While many keyboard players in progressive rock tend to bring numerous keyboards on stage, creating large racks of instruments, Rudess samples sounds from other keyboards he owns and maps them to a single keyboard. Each "setup" assigns different sounds to various layers and key ranges of the keyboard controller; these setups are then arranged in the order they will be required for a gig and cycled through with a footswitch.

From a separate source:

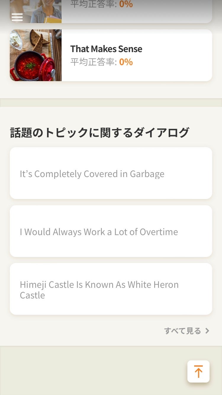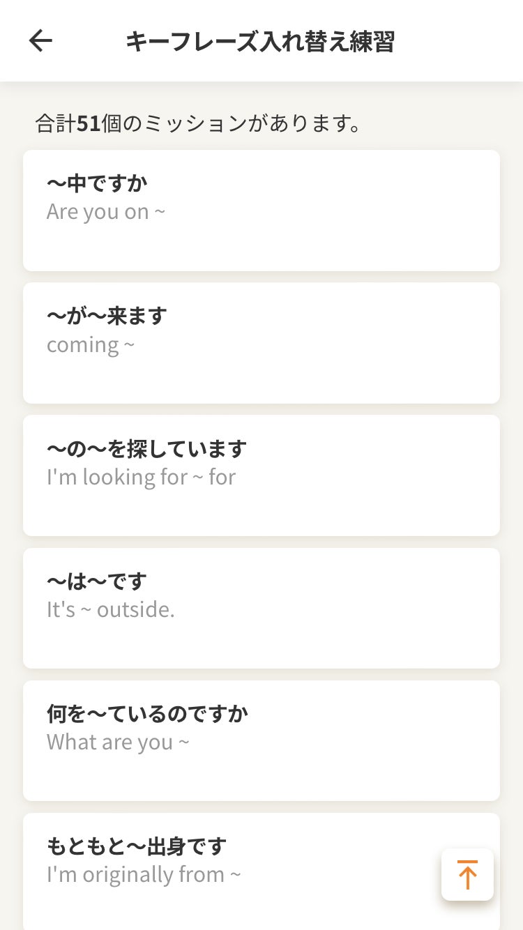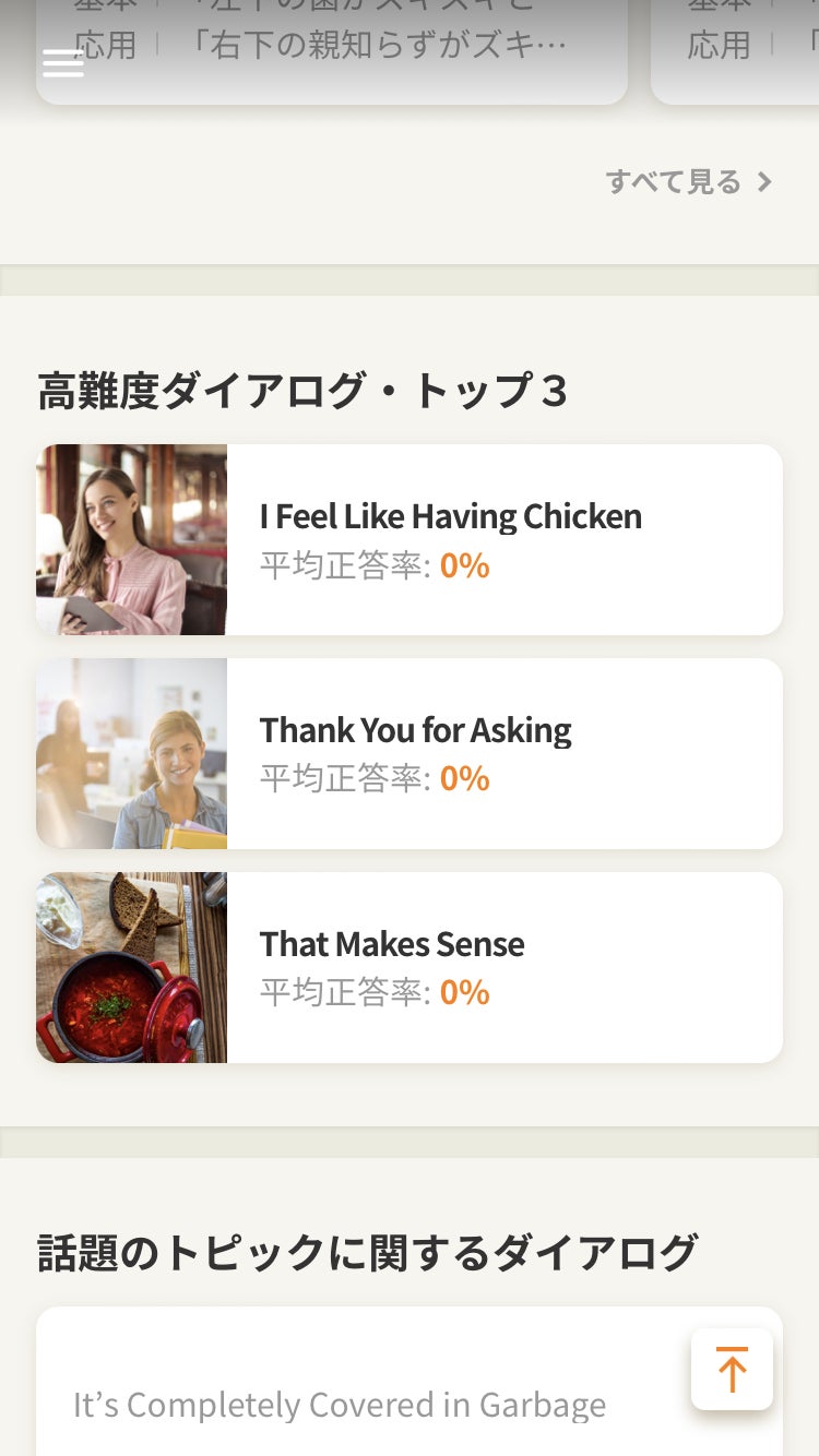 | ・短いシチュエーション毎のダイアログ練習だけでなく、「日常英会話」「ビジネス英会話」の2テーマで、「朝起きてから寝るまで」「クライアントと会い交渉、その後会議でプレゼンをする」というような、実生活に即した会話の流れを練習できる「連続したシーンでの英会話学習」機能を追加 ・ユーザーからの要望の多かった「人気ダイアログ・トップ3」「トピック別表現」等も選択可能に ・ワンタッチで学習開始できる、ユーザーへのおすすめダイアログが表示される等、ユーザビリティを向上 |

Starting in the 1990s, he used a Kurzweil K2600XS during live sets until switching in 2005 to Korg's Oasys workstation; he first utilized the Oasys station on Dream Theater's 2005–2006 20th Anniversary tour. He also employed a Muse Receptor hardware VST and a Haken Continuum X/Y/Z-plane MIDI instrument, triggering a Roland V-Synth XT and a synthesizers.com modular unit designed by Richard Lainhart and Roger Arrick. Influenced by Lainhart, Rudess was the first well-known keyboardist to bring a Haken Continuum onto a live stage. Rudess kept the Kurzweil for studio recordings and for some of his signature sounds, such as "the pig," which is often played in unison with the guitar or bass guitar.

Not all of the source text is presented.